Nicaraguan Catholic priest, poet, and politician (1925-2020)

Ernesto Cardenal Martínez (20 January 1925 – 1 March 2020) was a Nicaraguan Catholic priest, revolutionary, poet, and politician. He was a liberation theologian and the founder of the primitivist art community in the Solentiname Islands, where he lived for more than ten years (1965–1977). A former member of the Nicaraguan Sandinistas, he was Nicaragua's minister of culture from 1979 to 1987. He was prohibited from administering the sacraments in 1984 by Pope John Paul II, but rehabilitated by Pope Francis in 2019.

==Early life==
Cardenal was born into an upper-class family in Granada, Nicaragua. He studied at Colegio Centro América in Nicaragua. One of his brothers was fellow priest Fernando Cardenal. A first cousin of the poet Pablo Antonio Cuadra, Cardenal studied literature in Managua and then from 1942 to 1946 in Mexico and from 1947 to 1949 in New York City. In 1949 and 1950, he traveled through Italy, Spain and Switzerland.

In July 1950, he returned to Nicaragua, where he participated in the 1954 April Revolution against Anastasio Somoza García's regime. The coup d'état failed and ended with the deaths of many of his associates.
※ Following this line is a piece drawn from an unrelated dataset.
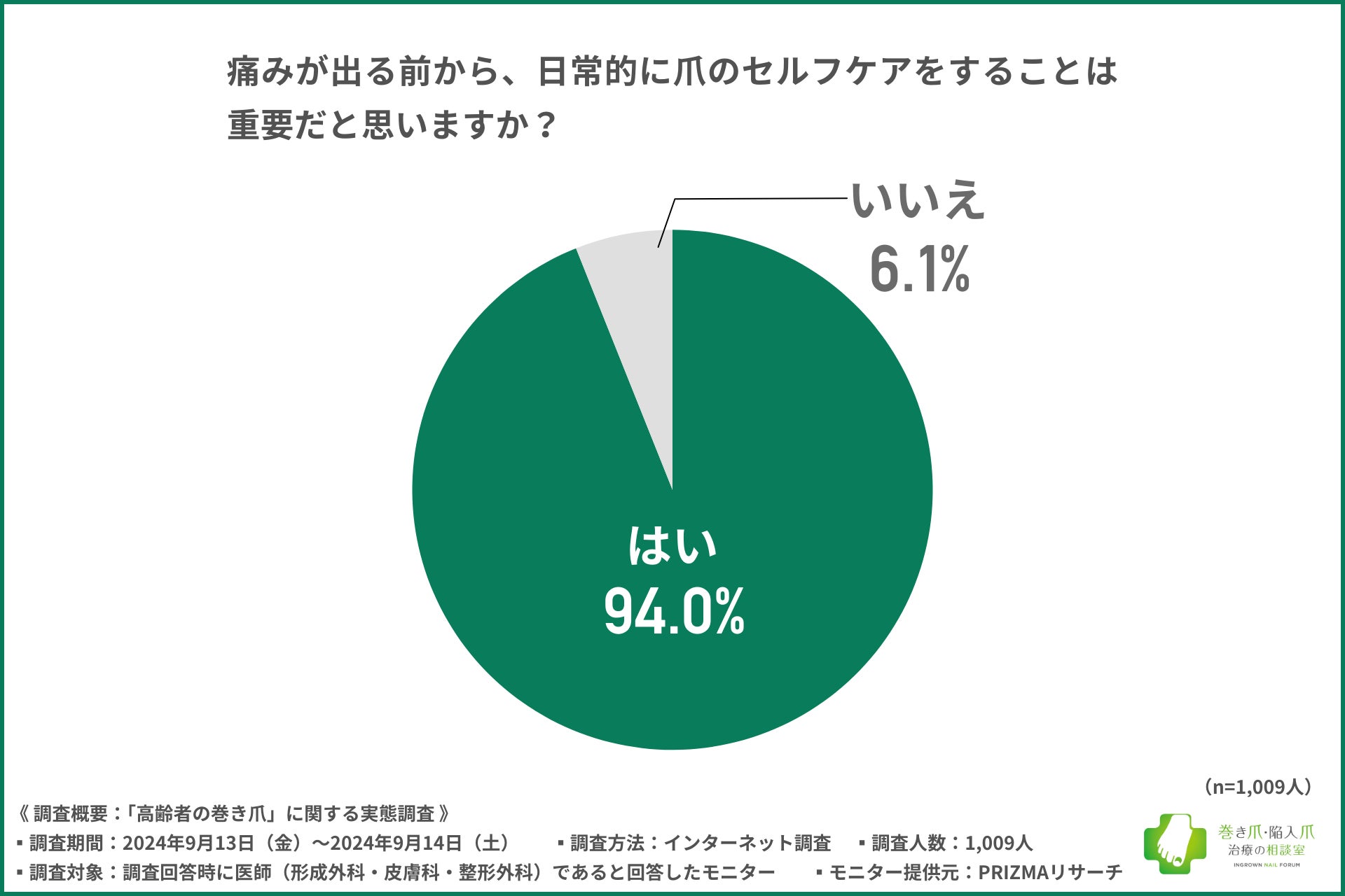 「痛みが出る前から、日常的に爪のセルフケアをすること重要だと思いますか?」と質問したところ、9割以上の方が『はい(94.0%)』と回答しました。

After a deep mystical experience that Cardenal had on June 2, 1956, in 1957 he entered the Trappist Monastery of Gethsemani (Kentucky, United States), joining another poet-priest, Thomas Merton, who was the master of novices; but in 1959, he left to study theology in Cuernavaca, Mexico.

==Priesthood==
Cardenal was ordained a Catholic priest in 1965 in Granada. He went to the Solentiname Islands, where he founded a Christian, almost-monastic, mainly-peasant community, which eventually led to the founding of the artists' colony. The colony engaged with painting as well as sculpture and was visited many times by artists and writers of the region such as Willarson Brandt, Julio Cortázar, Asilia Guillén, and Aedes Margarita. It was there that the famous book El Evangelio en Solentiname (The Gospel in Solentiname) was written. Cardenal collaborated closely with the leftist Frente Sandinista de Liberación Nacional (Sandinista National Liberation Front, or FSLN) in working to overthrow Anastasio Somoza Debayle's regime.

==Nicaraguan Revolution==
Many members of the Solentiname community engaged in the revolutionary process through guerrilla warfare that the FSLN had developed to strike at the regime. The year 1977 was crucial to Cardenal's community, when Somoza's National Guard, as a result of an attack to the headquarters stationed in the city of San Carlos a few kilometres from the community, raided Solentiname and burned it to the ground. Cardenal fled to Costa Rica.

Cardenal was a believer in Christian communism saying "Christ led me to Marx...for me, the four Gospels are all equally Communist. I’m a Marxist who believes in God, follows Christ and is a revolutionary for his Kingdom". He later said "The Bible is full of revolutions. The prophets are people with a message of revolution. Jesus of Nazareth takes the revolutionary message of the prophets. And we also will continue trying to change the world and make revolution. Those revolutions failed, but others will come".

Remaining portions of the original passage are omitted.